What the task asks:
Using the listing below, output only the lines from the one that contains "This black halterneck" through the one that contains "Upgrade your Stratocaster", inclusive, exactly as given and without images.

Exercise input:
● ● ● ● ● ● ●
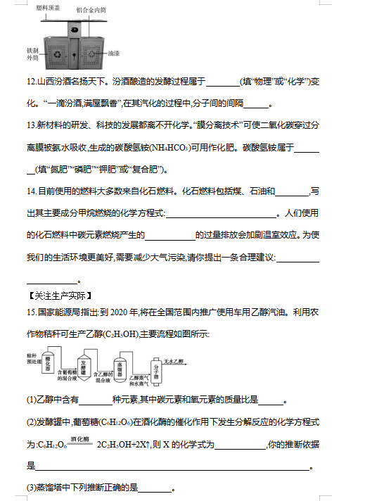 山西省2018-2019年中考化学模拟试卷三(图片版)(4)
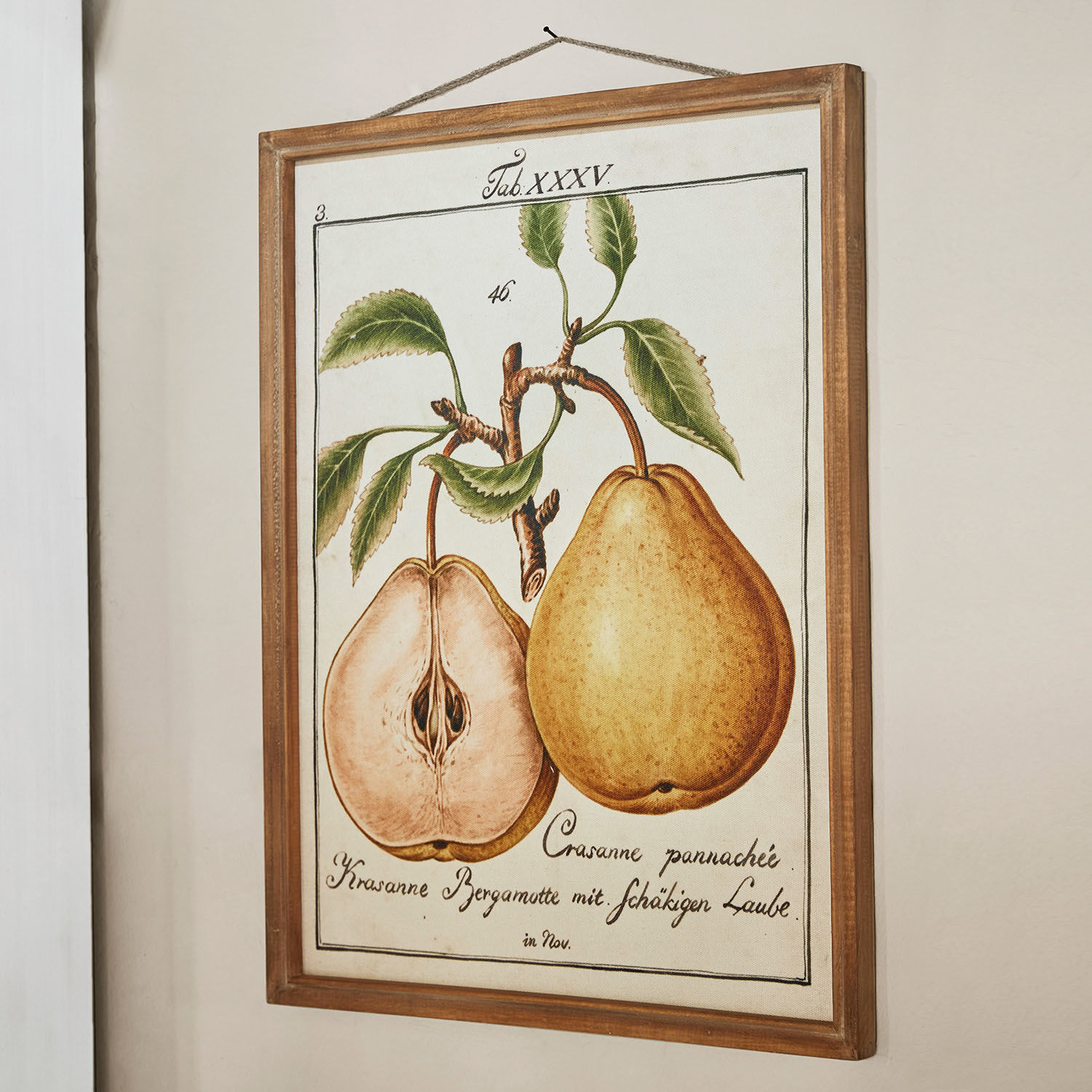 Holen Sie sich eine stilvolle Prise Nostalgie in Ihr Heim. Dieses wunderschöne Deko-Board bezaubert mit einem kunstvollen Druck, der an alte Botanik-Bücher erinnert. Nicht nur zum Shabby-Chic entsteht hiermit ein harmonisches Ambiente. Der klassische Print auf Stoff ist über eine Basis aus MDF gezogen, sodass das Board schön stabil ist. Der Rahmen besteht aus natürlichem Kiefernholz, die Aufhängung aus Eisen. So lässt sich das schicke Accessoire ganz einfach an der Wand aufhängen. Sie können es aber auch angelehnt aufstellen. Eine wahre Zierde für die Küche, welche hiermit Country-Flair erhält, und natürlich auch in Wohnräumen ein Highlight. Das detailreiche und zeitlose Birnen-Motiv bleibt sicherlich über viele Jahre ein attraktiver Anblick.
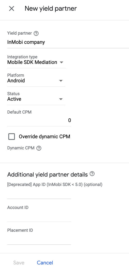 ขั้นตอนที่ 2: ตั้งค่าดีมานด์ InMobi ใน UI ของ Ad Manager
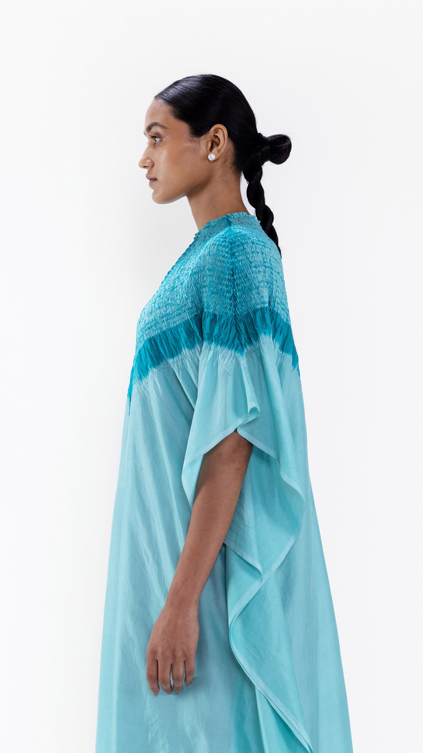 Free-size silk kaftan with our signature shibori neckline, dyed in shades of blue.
● ● ● ● ● ● ●
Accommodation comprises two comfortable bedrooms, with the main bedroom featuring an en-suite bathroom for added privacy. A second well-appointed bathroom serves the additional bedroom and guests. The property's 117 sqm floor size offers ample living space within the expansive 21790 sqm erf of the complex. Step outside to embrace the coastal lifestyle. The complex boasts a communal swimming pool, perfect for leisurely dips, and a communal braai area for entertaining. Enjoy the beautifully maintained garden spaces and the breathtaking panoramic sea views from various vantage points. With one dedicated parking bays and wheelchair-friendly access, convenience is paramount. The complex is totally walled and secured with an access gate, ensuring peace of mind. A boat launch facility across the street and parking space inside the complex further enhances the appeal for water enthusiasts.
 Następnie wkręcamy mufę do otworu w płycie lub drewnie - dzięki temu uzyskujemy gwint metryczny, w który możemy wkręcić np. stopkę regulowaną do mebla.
● ● ● ● ● ● ●
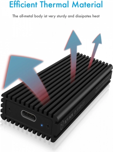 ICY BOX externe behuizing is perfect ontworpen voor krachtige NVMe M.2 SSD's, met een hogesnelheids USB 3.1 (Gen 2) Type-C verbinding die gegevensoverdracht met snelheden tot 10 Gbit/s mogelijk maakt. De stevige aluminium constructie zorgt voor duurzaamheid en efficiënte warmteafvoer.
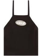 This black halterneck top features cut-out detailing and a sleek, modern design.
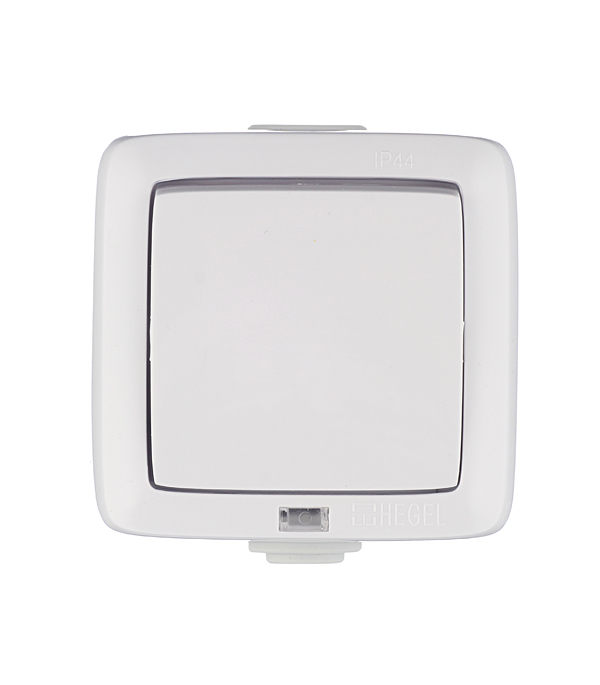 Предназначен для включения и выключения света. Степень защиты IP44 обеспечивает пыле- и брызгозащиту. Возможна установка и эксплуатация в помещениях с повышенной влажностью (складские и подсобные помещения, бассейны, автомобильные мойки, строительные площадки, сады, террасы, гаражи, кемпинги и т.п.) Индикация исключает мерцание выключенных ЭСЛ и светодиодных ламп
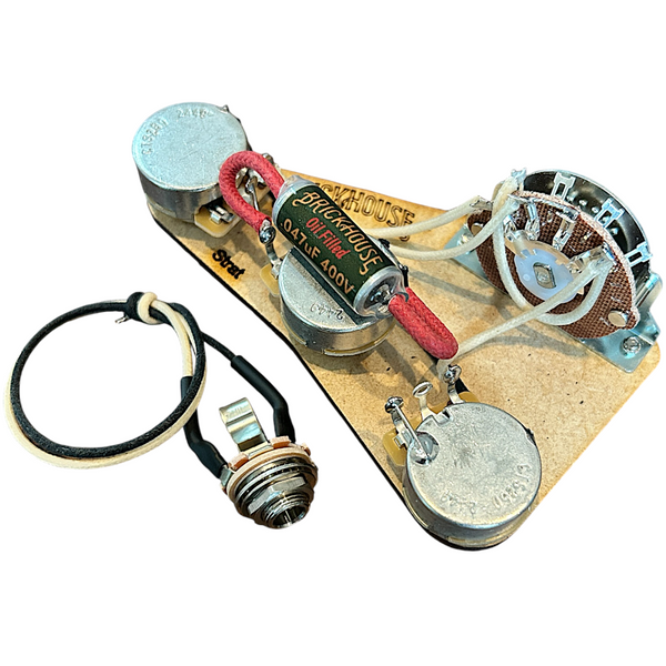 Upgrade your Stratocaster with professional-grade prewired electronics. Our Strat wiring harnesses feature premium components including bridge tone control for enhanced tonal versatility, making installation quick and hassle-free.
● ● ● ● ● ● ●
Result of the exercise:
 This black halterneck top features cut-out detailing and a sleek, modern design.
 Предназначен для включения и выключения света. Степень защиты IP44 обеспечивает пыле- и брызгозащиту. Возможна установка и эксплуатация в помещениях с повышенной влажностью (складские и подсобные помещения, бассейны, автомобильные мойки, строительные площадки, сады, террасы, гаражи, кемпинги и т.п.) Индикация исключает мерцание выключенных ЭСЛ и светодиодных ламп
 Upgrade your Stratocaster with professional-grade prewired electronics. Our Strat wiring harnesses feature premium components including bridge tone control for enhanced tonal versatility, making installation quick and hassle-free.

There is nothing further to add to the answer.